To the Editor:-We read with interest the report by Kalfon et al. regarding the use of expiratory washout in patients with severe acute respiratory distress syndrome. [1]Although interesting and stimulating, we believe that several points should be discussed.
In our opinion, the indications for the use of expiratory washout (EWO) or tracheal gas insufflation (TGI) can be summarized as situations wherein there is profound hypercarbia, resulting in hemodynamic or acid-base compromise, associated with high airway pressures that cannot be safely increased for fear of barotrauma (e.g., severe ARDS) and secondly wherein there are high airway pressures that cannot be reduced as a result of the contraindication of hypercarbia (e.g., lung injury in association with head injury). In the first situation, the aim of EWO is to reduce PaCO2but at the same airway pressures. In the second situation, the aim is to decrease airway pressures without allowing a resultant increase in PaCO2.
In their study, Kalfon et al. have used EWO for none of the previous indications. Their findings of PaCO2decrease could easily have been reproduced by simply increasing tidal ventilation. This would have provided CO2decrease and would have led to similar airway pressure changes, i.e., increased peak, plateau, and mean tracheal pressure. We are concerned that an uncritical reading of this paper will bias readers against TGI because of the significant increases in airway pressures associated with the mode in which EWO has been used by the authors. To most clinicians, these significant changes in airway pressure would be unacceptable.

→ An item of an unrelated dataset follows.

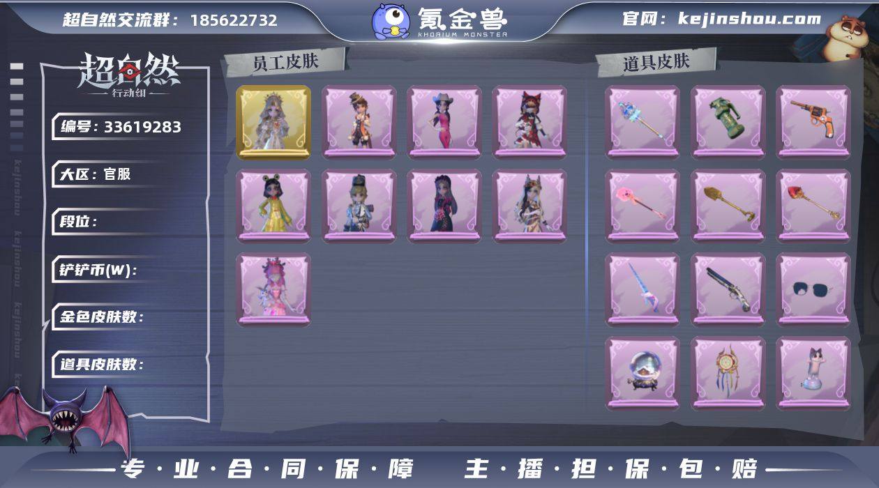 金皮1;紫皮8;道具皮24;皮肤:薇薇安-圣光之谕,薇薇安-白光莹,莉莉-莓果陷阱,阿念-庆宴绮愿,阿念-王子与骑士,莉莉-情公主,爱丽丝-耀眼的你,小黄-呱呱雨衣,爱丽丝-丝缕哀歌;道具:铲子-龙鳞,铲子-赞萌波板糖,急救包-蔷薇物语,铲子-圣心之泪,音响-happy猫,电击枪-权杖的许诺,闪光弹-金戈玄铜,音响-鸣沙鼓,短管猎枪-星光的裁决,夜视仪-金丝眼镜,音响-冬夜暖忆,转轮手枪-新星时代,桃木剑-最后的独角兽,长鞭-小狗蛇点点鞭,专业手电-云端梦想计划,腰包-惊魂娃娃,长枪-罪棘,摸金符-祝祷词,摸金符-花落精绝,腰包-宝剑八,长枪-糖葫芦霸王枪,伞-郁金春信,喷气背包-乘风溯雪,额外的背包-飞花令;饰品:头饰-炙热烧烤,头饰-小狗蛇点点头套,头饰-煤球喵头套,头饰-鱼头怪头套,头饰-大葱明头套,头饰-樱桃奶油布丁,头饰-惊魂南瓜头套,头饰-嘻嘻头套,头饰-青团糯糯,头饰-烛光纪念,头饰-蒜了八,头饰-面具马头套,头饰-雪墩墩头套,头饰-火爆了头套,头饰-太空鲨头套,头饰-滑稽头套,头饰-烈焰红唇头套,头饰-马上有钱,头饰-萨卡班甲鱼头套,头饰-哈士奇头套,头饰-呆滞头套,头饰-芝麻糊汤圆,头饰-卑微头套,头饰-像素朋克墨镜,头饰-后室幸存者头套,挂饰-晚安小熊,挂饰-小鲨包包,挂饰-未竟乐园,挂饰-天...

Some of these changes in airway pressures could have been avoided by the use of pressure-controlled ventilation (PCV) rather than volume-controlled ventilation. We have recently completed a similar study of EWO, in an animal model, in which we used EWO at a flow of 6 l/min combined with PCV. [2]We observed a 14% reduction in PaCO2but with no increase in peak airway pressure. Mean airway pressure increased by a nonsignificant amount as a result of intrinsic PEEP caused by EWO. We had the capability of measuring this increase in PEEP, unlike Kalfon et al., by the synchronized suppression of EWO and occlusion of the expiratory valve and found a small but significant increment (2 cm H2O above set PEEP of 2 cm H2O). We were also able to measure the increase in FRC induced by EWO and found this to be 79 ml. Not surprisingly, as a result of the increase in PEEP and unchanged peak airway pressure, tidal ventilation decreased from 0.236 l +/- 0.053 to 0.199 l +/- 0.199 l +/- 0.041. Despite this decrease in alveolar ventilation, we were able to demonstrate significant reductions in PaCO2, although less impressive than Kalfon et al.
In summary, we are encouraged by this important study by Kalfon et al., and we believe that TGI holds promise as a means to reduce ventilator-induced lung injury. However, significant increases in airway pressure, as a result of EWO, would be unacceptable to most clinicians, and we believe that better conventional ventilation strategies (i.e., PCV and lowering of set PEEP to compensate for PEEPi) in conjunction with EWO would circumvent this problem.
George P. Findlay, F.R.C.A.
Senior Registrar in Intensive Care Medicine
John Dingley, F.R.C.A.
Consultant in Anaesthesia
Mark N. Smithies, F.R.C.P.
Director of Intensive Care Service; Intensive Care Unit, B3; University Hospital of Wales; Heath Park; Cardiff, CF4 4XW; United Kingdom
(Accepted for publication November 18, 1997.)